Entries taken from a collection
○ ○ ○ ○ ○ ○ ○

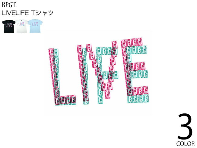 ・バックはシンプルにノープリント ・モデル=167cm Sサイズ着用 1stブランド【BPGT】シリーズ [ メンズ レディース 男女兼用 アイテム ] LIVE LIFE Tシャツ (ライトブルー)- BPGT - ライフがライブ? ライブがライフ? 動いて動いて動いてようやく始まる☆
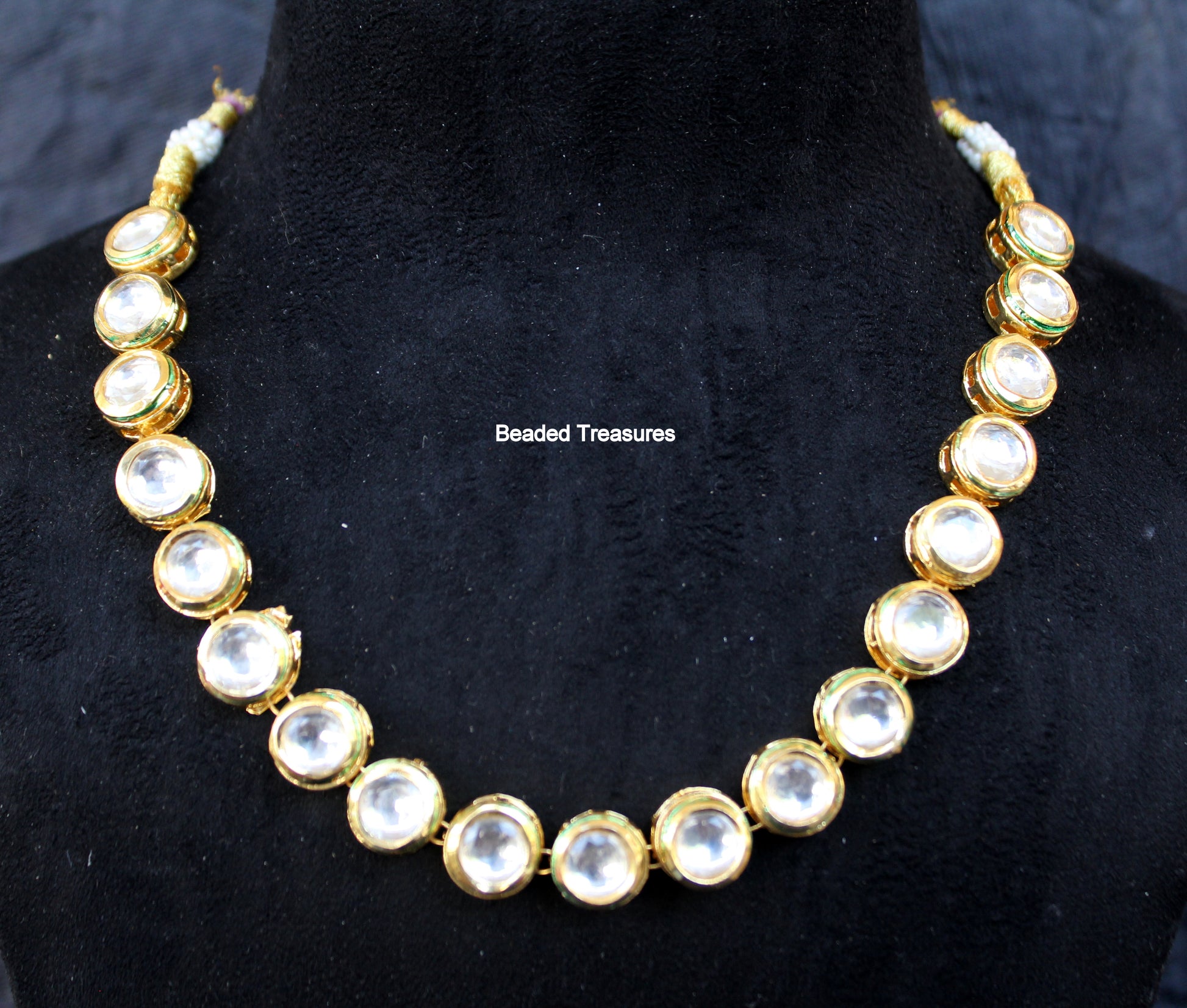 - This elegant necklace showcases a single strand of high-quality, round Kundan stones, each intricately set to reflect light beautifully and add a touch of traditional glamour.
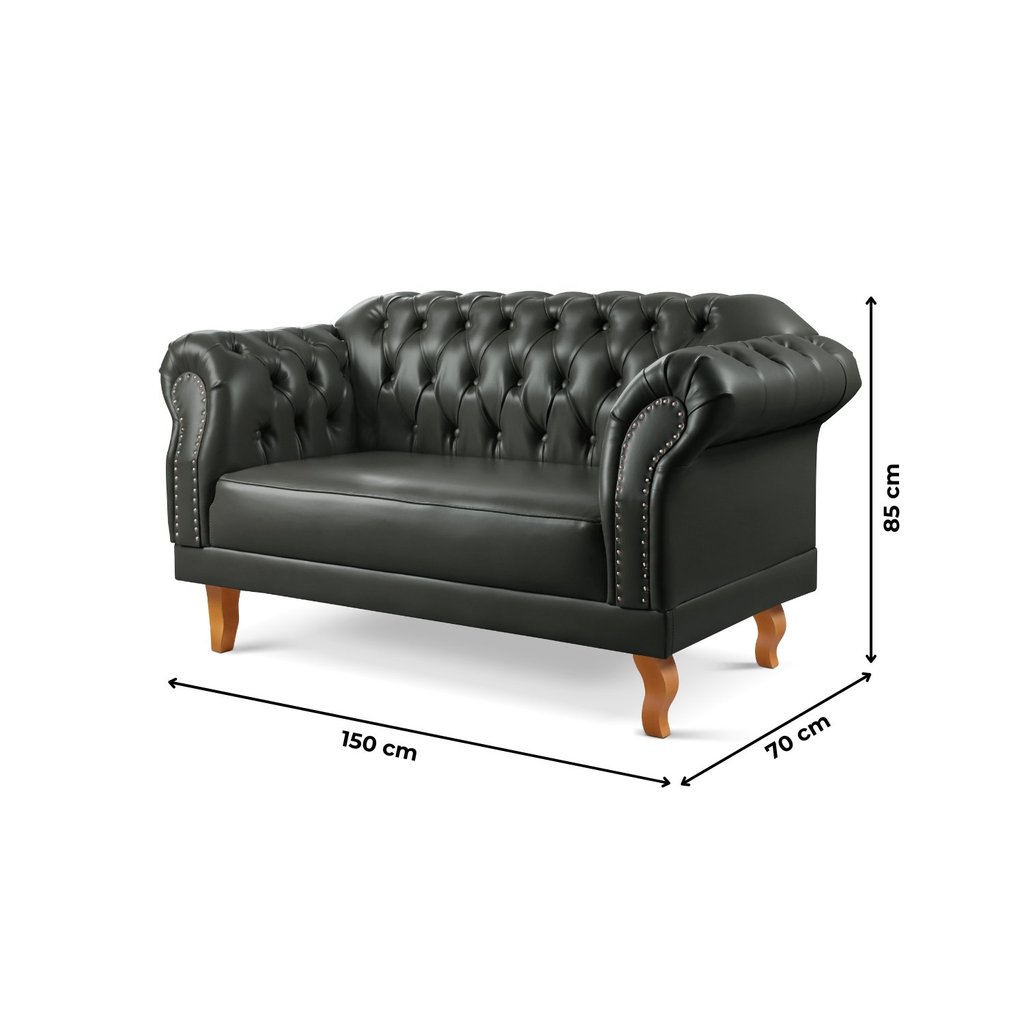O sofá Duque Chesterfield é conhecido pelo seu estilo clássico e atemporal. O seu design tradicional perdurou ao longo dos anos e continua a ser uma escolha de decoração. Se adapta bem a diversos estilos, do tradicional ao moderno. Por ser uma peça artesanal, feita à mão, é considerada uma obra de arte única. Possui a estrutura em eucalipto tratado, seco e imunizado, travamento da estrutura por grampos fixados com grampeadores pneumáticos. Espuma D28 - 8 cm para o assento e espuma D28 - 5 cm para o encosto e braços. Tornando um produto de longa durabilidade. Estilo: Clássico Peso (kg): 80 Garantia: 03 Meses Altura (cm): 84 Largura (cm): 200 Possui Pés: Sim Possui Mola: Não Pet Friendly: Não Tipo de Mola: Não Possui Tipo de Sofá: Conjuntos de Sofás Altura dos Pés: 17 Modelo do Sofá: Sofá Fixo Possui Rodízio: Não Suporta Até (kg): 360 Profundidade (cm): 75 Tipo de Encosto: Fixo Altura do Encosto: 41 Origem do Produto: Nacional Ambiente Principal: Sala de Estar Firmeza do Assento: Médio Tecido Predominante: Couro Sintético Densidade do Assento: D-28 Largura do Sofá Maior: 200 Largura do Sofá Menor: 150 Material da Estrutura: Madeira Eucalipto Quantidade de Lugares: 02 e 03 Serviço Impermeabilização: 102610509 Acompanha Almofadas Extras: Não Altura do Assento até o Chão: 43 Marca: Zurc Decor Cor: Preto Cor do Produto: Preto Itens Inclusos: 2 Sofás, Manual de Instruções Cor Predominante: Preto Linha ou Coleção: Duque
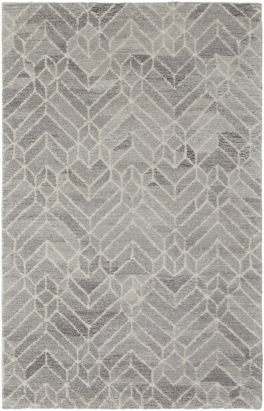 5' X 8' Beige Ivory and Gray Wool Geometric Hand Tufted Area Rug
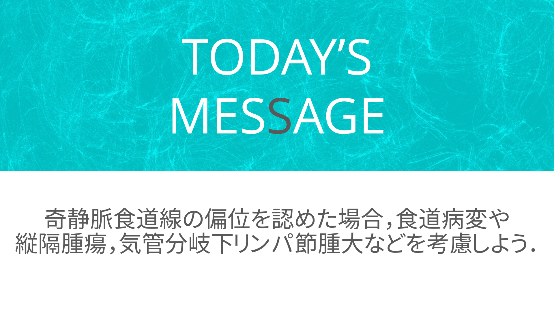 #41. TODAY’S MESSAGE 奇静脈食道線の偏位を認めた場合,食道病変や 縦隔腫瘍,気管分岐下リンパ節腫大などを考慮しよう.

○ ○ ○ ○ ○ ○ ○

Each record above needs to be copied exactly, with images left out.

 ・バックはシンプルにノープリント ・モデル=167cm Sサイズ着用 1stブランド【BPGT】シリーズ [ メンズ レディース 男女兼用 アイテム ] LIVE LIFE Tシャツ (ライトブルー)- BPGT - ライフがライブ? ライブがライフ? 動いて動いて動いてようやく始まる☆
 - This elegant necklace showcases a single strand of high-quality, round Kundan stones, each intricately set to reflect light beautifully and add a touch of traditional glamour.
O sofá Duque Chesterfield é conhecido pelo seu estilo clássico e atemporal. O seu design tradicional perdurou ao longo dos anos e continua a ser uma escolha de decoração. Se adapta bem a diversos estilos, do tradicional ao moderno. Por ser uma peça artesanal, feita à mão, é considerada uma obra de arte única. Possui a estrutura em eucalipto tratado, seco e imunizado, travamento da estrutura por grampos fixados com grampeadores pneumáticos. Espuma D28 - 8 cm para o assento e espuma D28 - 5 cm para o encosto e braços. Tornando um produto de longa durabilidade. Estilo: Clássico Peso (kg): 80 Garantia: 03 Meses Altura (cm): 84 Largura (cm): 200 Possui Pés: Sim Possui Mola: Não Pet Friendly: Não Tipo de Mola: Não Possui Tipo de Sofá: Conjuntos de Sofás Altura dos Pés: 17 Modelo do Sofá: Sofá Fixo Possui Rodízio: Não Suporta Até (kg): 360 Profundidade (cm): 75 Tipo de Encosto: Fixo Altura do Encosto: 41 Origem do Produto: Nacional Ambiente Principal: Sala de Estar Firmeza do Assento: Médio Tecido Predominante: Couro Sintético Densidade do Assento: D-28 Largura do Sofá Maior: 200 Largura do Sofá Menor: 150 Material da Estrutura: Madeira Eucalipto Quantidade de Lugares: 02 e 03 Serviço Impermeabilização: 102610509 Acompanha Almofadas Extras: Não Altura do Assento até o Chão: 43 Marca: Zurc Decor Cor: Preto Cor do Produto: Preto Itens Inclusos: 2 Sofás, Manual de Instruções Cor Predominante: Preto Linha ou Coleção: Duque
 5' X 8' Beige Ivory and Gray Wool Geometric Hand Tufted Area Rug
 #41. TODAY’S MESSAGE 奇静脈食道線の偏位を認めた場合,食道病変や 縦隔腫瘍,気管分岐下リンパ節腫大などを考慮しよう.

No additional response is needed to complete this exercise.